Every implementation exposes three entry points: run, run_stream, and create_session. The first two spin up a temporary run session, execute exactly once, and always close it so you do not leak resources. Reach for create_session when you need to reuse initialized toolkits or run several calls back to back; you become responsible for closing that session afterwards. (In TypeScript the latter two are named runStream and createSession, but they follow the same contract.)

Agent (TypeScript)
export class Agent<TContext> {
readonly name: string;
constructor(params: AgentParams<TContext>);
run(request: AgentRequest<TContext>): Promise<AgentResponse>;
runStream(request: AgentRequest<TContext>): AsyncGenerator<AgentStreamEvent, AgentResponse>;
createSession(context: TContext): Promise<RunSession<TContext>>;
}

Because the agent stays stateless, every request must provide its own context. That value feeds dynamic instructions, toolkit factories, and tool executions without leaking across users or tenants.

A run session binds an agent to a specific context. When it is created, the session applies parameter defaults, resolves all context-aware instructions, and asks each toolkit for a per-session instance so tools and prompts are ready to go. Static tools from the agent configuration are combined with toolkit-provided tools into a single roster for the run.
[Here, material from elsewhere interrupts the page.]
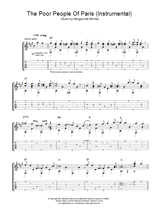 Download or print Chet Atkins The Poor People Of Paris (Instrumental) sheet music, chords and digital score arranged for Guitar Tab. This Folk score includes 4 page(s).
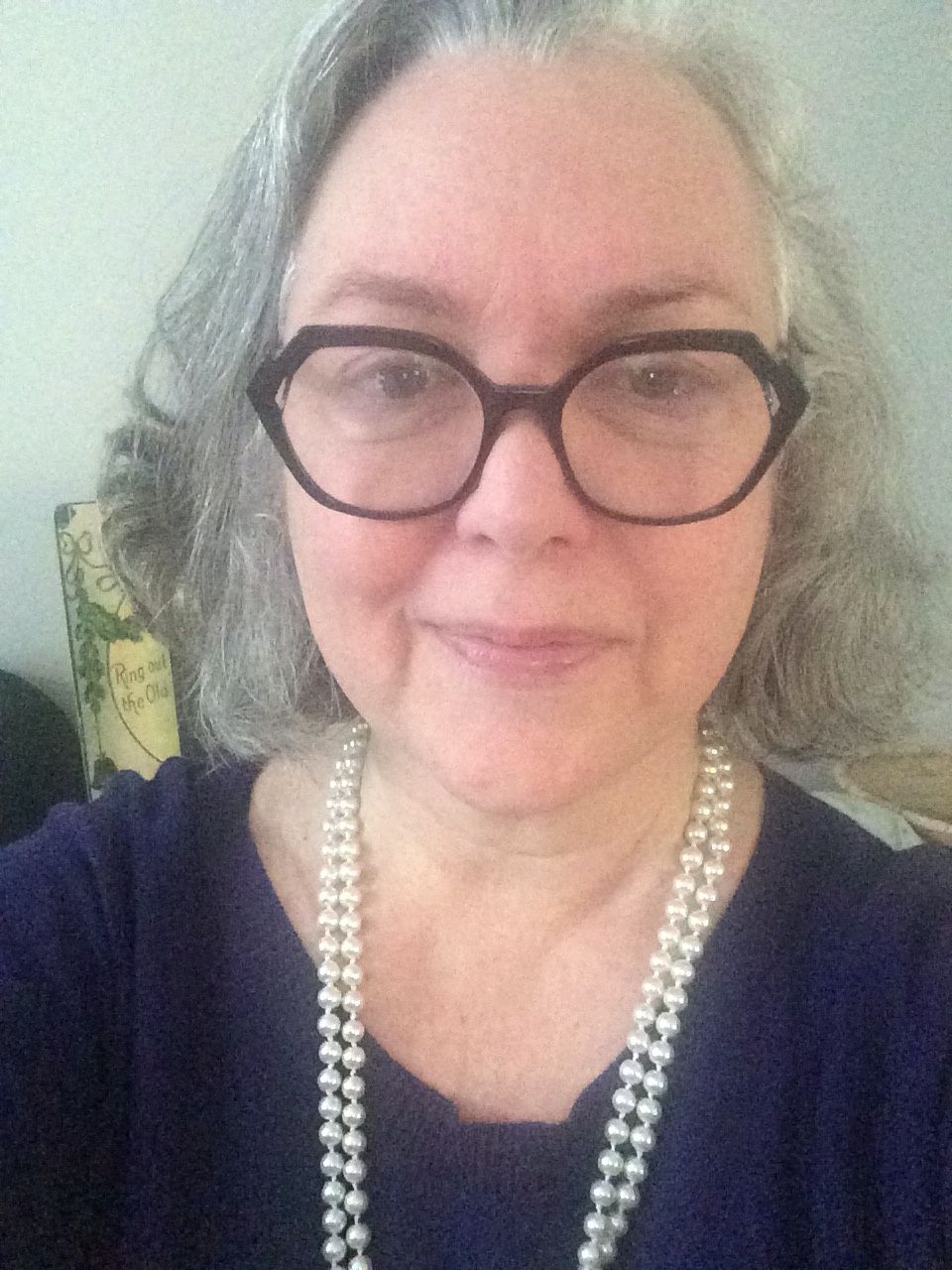 Next up was Sarah Fearon, an expert dispeller of gloom, with some new comedy material to try out on the virtual crowd. She had them laughing at her take on Covid and other current matters, including the plight of living-alone singles. Commenting on NY Gov. Cuomo’s recent resignation, Sarah quipped, “First thing that comes to mind is: There’s a real estate client!” (Fearon is one of New York City’s top real estate agents. Her comic alter-ego, Snazzy Peabody —a real estate legend in her own mind— was the star of a short film that was a finalist in the Ladies of Laughter 2021 competition).

Each call to run or run_stream starts from a clean RunState made from the AgentItem[] you pass in. The session never remembers prior inputs once the call finishes, so persist any conversation history you care about and include it explicitly on the next run.

RunSession (TypeScript)
class RunSession<TContext> {
run(request: RunSessionRequest): Promise<AgentResponse>;
runStream(request: RunSessionRequest): AsyncGenerator<AgentStreamEvent, AgentResponse>;
close(): Promise<void>;
}
interface RunSessionRequest {
input: AgentItem[];
}
TypeScript
interface AgentRequest<TContext> {
/**
* The input items for this run, such as LLM messages.
*/
input: AgentItem[];
/**
* The context used to resolve instructions and passed to tool executions.
*/
context: TContext;
}
interface AgentResponse {
/**
* The items generated during the run, such as new tool and assistant messages.
*/
output: AgentItem[];
/**
* The final output content generated by the agent.
*/
content: Part[];
}

Within a run session the bound context is passed to every toolkit session and tool invocation, keeping the runtime consistent for the lifetime of that session. When your workflow ends, call close to release toolkit resources and clear cached prompts. If you only need a single answer, stick with agent.run or agent.run_stream; otherwise reuse the session for as many runs as you need before closing it.

The flow looks like this:

sequenceDiagram
  participant Client
  participant Agent
  participant RunSession
  participant ToolkitSession as Toolkit sessions
  participant Tools
  participant Model

  Client->>Agent: run({ input, context })
  Agent->>RunSession: create(context + params)
  RunSession->>ToolkitSession: create_session(context)
  ToolkitSession-->>RunSession: prompts + tools
  RunSession->>Model: generate()
  Model-->>RunSession: response/tool calls
  RunSession->>Tools: execute(args, context, state)
  Tools-->>RunSession: tool results
  RunSession-->>Client: AgentResponse
  Agent->>RunSession: close()

run_stream follows the same lifecycle but emits partial deltas the moment the language model produces them. Internally the session uses a stream accumulator to turn those deltas into the final response before yielding tool events and the closing payload back to you.

A typical web request creates the agent once, derives a context for the user, opens a run session, supplies the current conversation as AgentItem[], gathers the response (streaming or not), and finally closes the session. This separation keeps per-user data explicit while letting the same agent power every tenant without risk of leakage.